> [Required action]:
Starting at the first line of the records and stopping at the line that contains "Chem. Int. Ed.。2023级博士研究生赵娜与常晓副教授为共同第一作者,刘相红教授和张军教授为共同通讯作者。", transcribe every line exactly and leave out the pictures.

> [Material provided]:
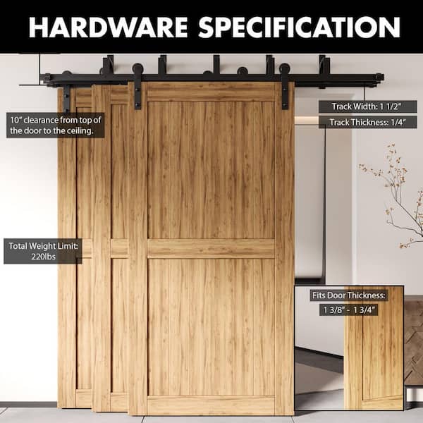 15 ft./180 in. Black Rustic Triple Track Bypass Sliding Barn Door Track and Hardware Kit for Triple Doors
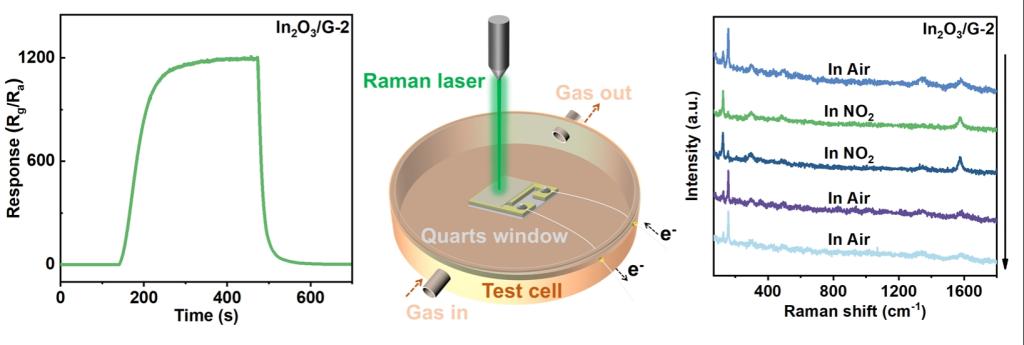针对半导体气体传感器敏感过程中活性物相不明、动态机理不清的核心挑战,团队利用石墨烯诱导成功制备了物相可调In₂O₃同质结构,并创新性地采用原位拉曼光谱技术,首次实现了对气体响应过程中材料表面物相动态变化的实时观测。该研究不仅使传感器对5 ppm NO₂的响应提升至1208,灵敏度提高20倍以上,更关键的是通过捕捉特征拉曼峰的可逆变化,明确了主导气敏行为的活性物相,建立起从纳米尺度结构动力学到宏观器件功能的直接关联,为高性能、低功耗气体传感器的理性设计提供了坚实的理论与实验基础。该成果以“Probing the Structural Dynamics of In2O3 Using in Situ Raman Spectroscopy: Bridging Material Dynamics and Sensor Functionality”为题发表于化学领域顶级期刊Angew. Chem. Int. Ed.。2023级博士研究生赵娜与常晓副教授为共同第一作者,刘相红教授和张军教授为共同通讯作者。
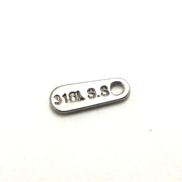 サージカルステンレス製のプレートにステンレスの316L S.S(サージカルステンレス316Lの意)の刻印を打ち込んだステンレスパーツ。サージカルステンレス316L素材のステンレスパーツ。ピアスやネックレスのチャームパーツや、ブレスレットやアンクレットのパーツなど、アクセサリーのデコレーションやDIY、修理などに使える。しかも安心で丈夫なステンレス素材なので、高級感もあって低アレルギー、丈夫で長持ちしてくれるのもうれしい。自分でアクセサリーを作る人には最適のアイテムです!
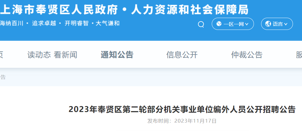 小編根據(jù)奉賢區(qū)人力資源和社會(huì)保障局發(fā)布“2023年奉賢區(qū)第二輪部分機(jī)關(guān)事業(yè)單位編外人員公開招聘公告”得知,2023上海奉賢區(qū)第二輪部分機(jī)關(guān)事業(yè)單位編外人員招聘29人,報(bào)名時(shí)間為11月20日-11月22日。
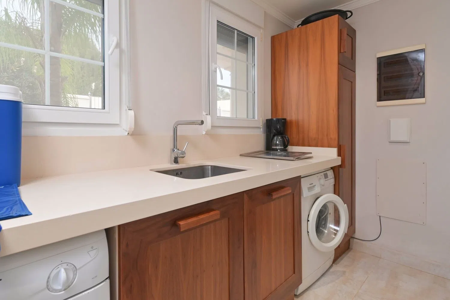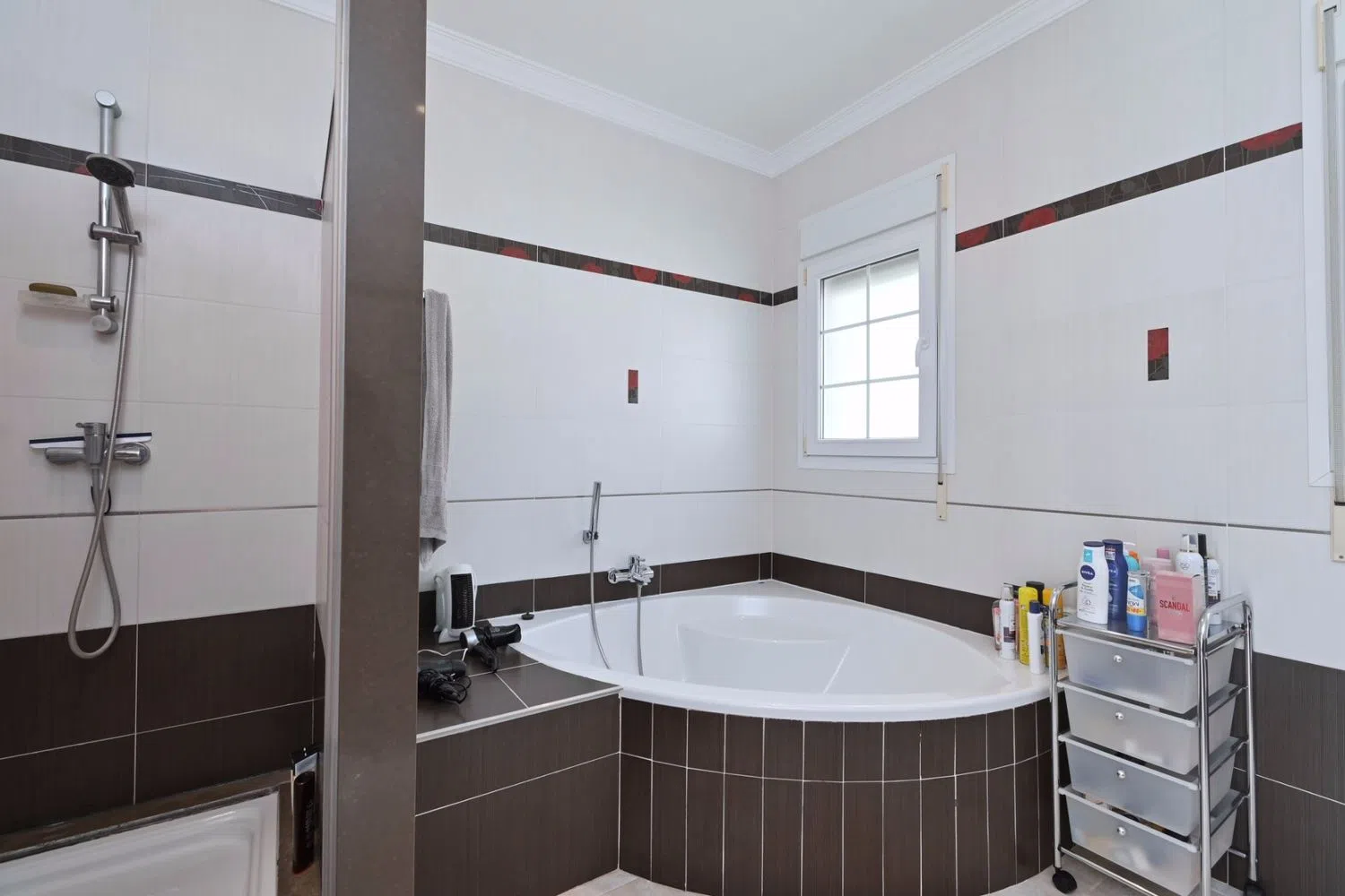 Genieße deinen eigenen Außenbereich mit einem privaten Pool von 9 x 4,5 Metern, einer weitläufigen Terrasse und einem Grillbereich – ideal für gesellige Zusammenkünfte mit Familie oder Freunden. Die Küche ist vollständig ausgestattet, und der Wäscheraum verfügt über Waschmaschine und Trockner für zusätzlichen Komfort. Zwei Schlafzimmer befinden sich im Erdgeschoss, während die anderen beiden im Obergeschoss liegen, alle mit eigenem Bad, welches Intimität und Gemütlichkeit gewährleistet.

> [Reply]:
 15 ft./180 in. Black Rustic Triple Track Bypass Sliding Barn Door Track and Hardware Kit for Triple Doors
针对半导体气体传感器敏感过程中活性物相不明、动态机理不清的核心挑战,团队利用石墨烯诱导成功制备了物相可调In₂O₃同质结构,并创新性地采用原位拉曼光谱技术,首次实现了对气体响应过程中材料表面物相动态变化的实时观测。该研究不仅使传感器对5 ppm NO₂的响应提升至1208,灵敏度提高20倍以上,更关键的是通过捕捉特征拉曼峰的可逆变化,明确了主导气敏行为的活性物相,建立起从纳米尺度结构动力学到宏观器件功能的直接关联,为高性能、低功耗气体传感器的理性设计提供了坚实的理论与实验基础。该成果以“Probing the Structural Dynamics of In2O3 Using in Situ Raman Spectroscopy: Bridging Material Dynamics and Sensor Functionality”为题发表于化学领域顶级期刊Angew. Chem. Int. Ed.。2023级博士研究生赵娜与常晓副教授为共同第一作者,刘相红教授和张军教授为共同通讯作者。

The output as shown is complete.